The teams not doing this drift toward longer MTTRs, longer outages, and the special breed of stress which comes from facing a problem you have never seen before while three executives ask for a status update.

This is a permission slip, not a tool

Here is the thing most leaders get wrong. They buy a chaos engineering tool. Gremlin, Steadybit, Litmus. They install it, schedule one experiment, watch nothing burn down, and conclude they are "doing chaos engineering."

You are not. You are using a tool.

What Netflix and Amazon did was give their engineers permission to be curious about what hurts. They built a culture where finding a weakness was a win, not an embarrassment. Where the person who took the system down on a Friday afternoon was a hero, not a problem. Where you measured your team by how fast they recovered, not by whether they ever fell.

This cultural shift is harder than the tooling. The tooling is a Saturday project. The culture is a year of conversations.

I have watched leaders try to short-cut this by mandating chaos days. It does not work. The team goes through the motions, runs a sanctioned experiment in a sandbox, ticks a box, and goes back to being afraid. The fear is the problem. The tool is not.

Things to break on Monday

If you have never done this before, you do not need a platform. You need a willing team and an hour. Try one of these.

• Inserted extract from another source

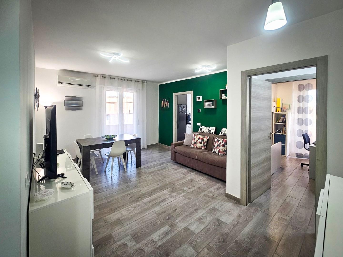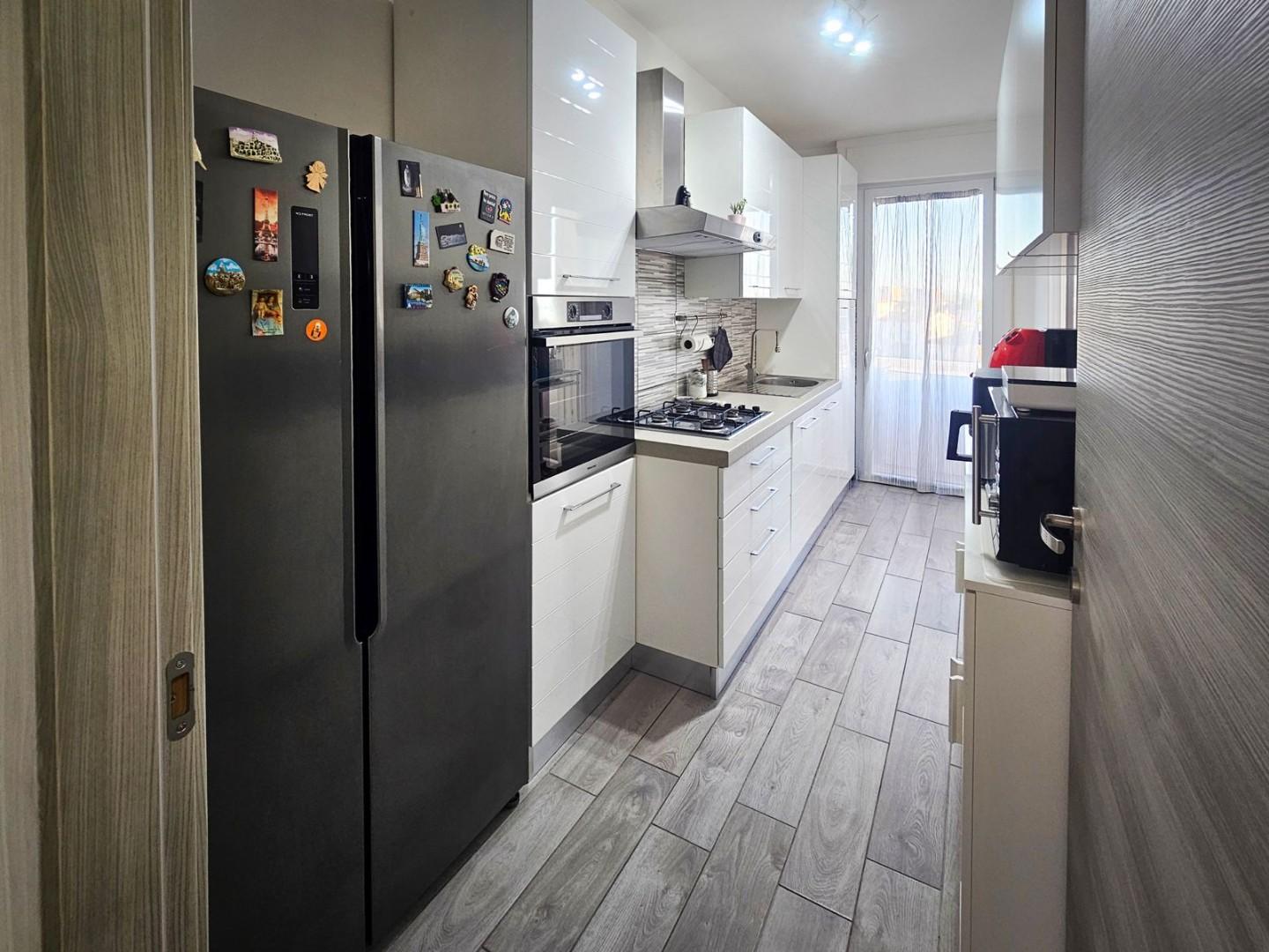 Si caratterizza per la notevole luminosità essendo libero su tre lati con balconi in ogni stanza e si compone di Ingresso arredabile, soggiorno/pranzo con ampio balcone, cucinotto con balcone e ripostiglio/lavanderia, disimpegno notte, bagno con balcone, 2 camere di cui una con balcone e studio attualmente utilizzato come cameretta con balcone.
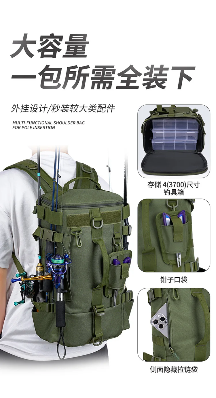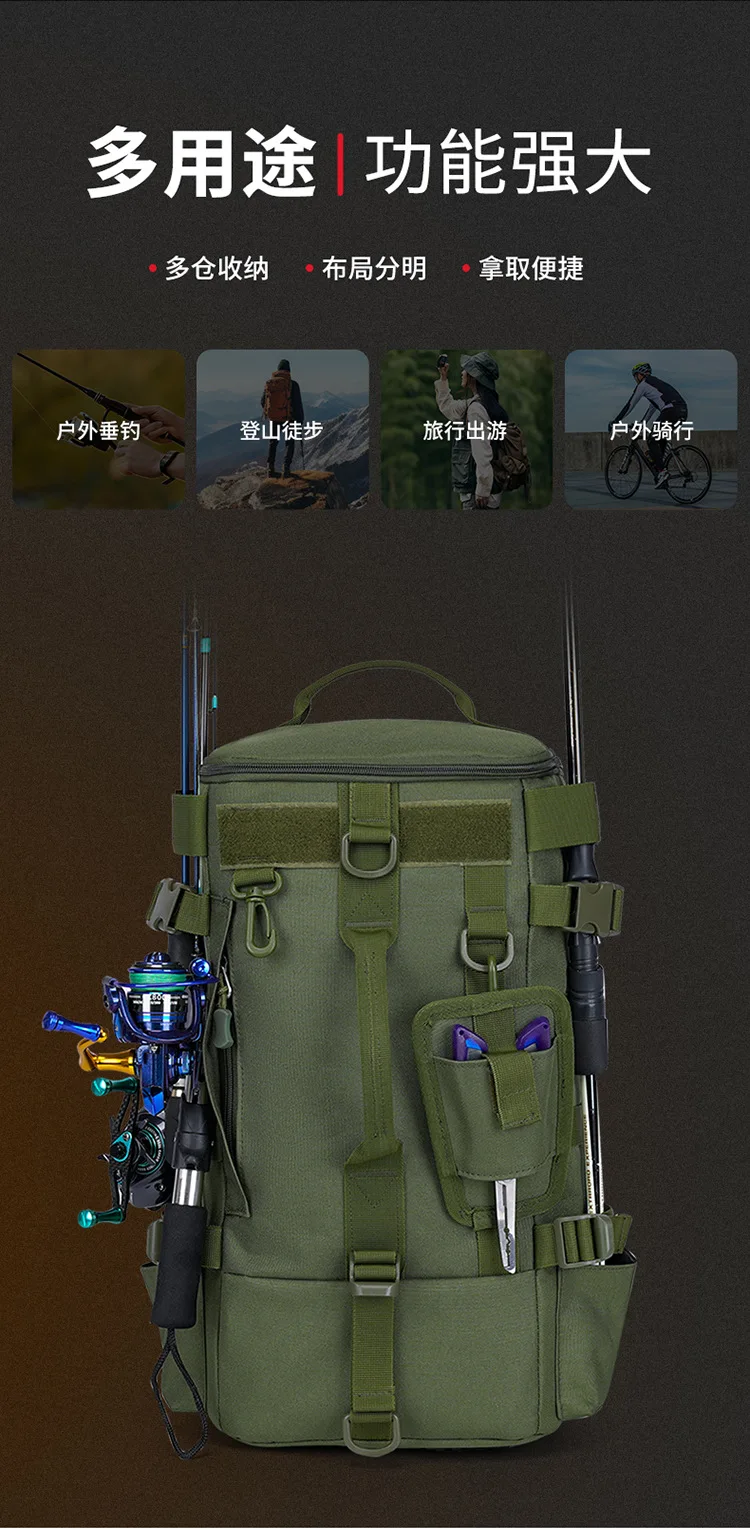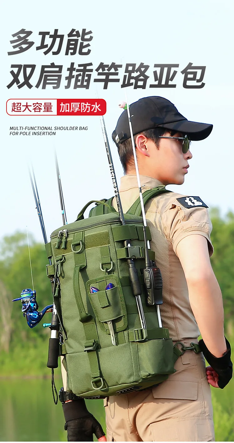Mochila de pesca táctica, bolsa de aparejos con soportes para cañas, almacenamiento de equipos de pescado, Molle, Camping, senderismo, bolsa multifuncional al aire libre

Kill a single backend pod during a deploy and watch what your load balancer does.

Block outbound traffic to a third-party API for five minutes and see whether your fallback fires or whether half your user flows go silent.

Add 500ms of latency to your database connection pool and see how many of your "fast" endpoints turn into timeouts.

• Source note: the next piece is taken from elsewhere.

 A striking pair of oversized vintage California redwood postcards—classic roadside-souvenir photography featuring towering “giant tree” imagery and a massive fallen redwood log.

Take one of your CI runners offline mid-build and see whether the build queue recovers or stalls forever.

Force a leader election on your distributed coordinator and see how long the brownout lasts.

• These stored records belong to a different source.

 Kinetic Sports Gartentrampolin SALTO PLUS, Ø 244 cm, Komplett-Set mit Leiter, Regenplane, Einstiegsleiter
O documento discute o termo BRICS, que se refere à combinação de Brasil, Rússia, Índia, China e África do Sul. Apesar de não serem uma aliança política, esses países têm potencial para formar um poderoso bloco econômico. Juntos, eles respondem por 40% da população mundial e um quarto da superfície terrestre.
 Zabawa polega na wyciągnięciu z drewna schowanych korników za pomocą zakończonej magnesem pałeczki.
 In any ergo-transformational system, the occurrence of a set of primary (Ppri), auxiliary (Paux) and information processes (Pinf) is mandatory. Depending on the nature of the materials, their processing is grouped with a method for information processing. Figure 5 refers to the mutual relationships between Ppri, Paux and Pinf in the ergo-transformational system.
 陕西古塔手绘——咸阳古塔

Each of these is small. Each takes minutes. Each will teach your team more about the system than a quarter of incident retros.

A group of engineers around a whiteboard labelled GAME DAY mapping out failure scenarios on sticky notes

The question every leader should ask

If your team had to handle a regional AWS outage right now, do you trust them to do it well?

If the honest answer is no, you have two options. You wait for the outage to happen and find out the hard way. Or you break the system yourself, on a Tuesday morning, with a stopwatch and a postmortem template, and you learn before the customers do.

The teams who break things on purpose are the teams who sleep at night.

The teams who refuse are the ones who get paged at three.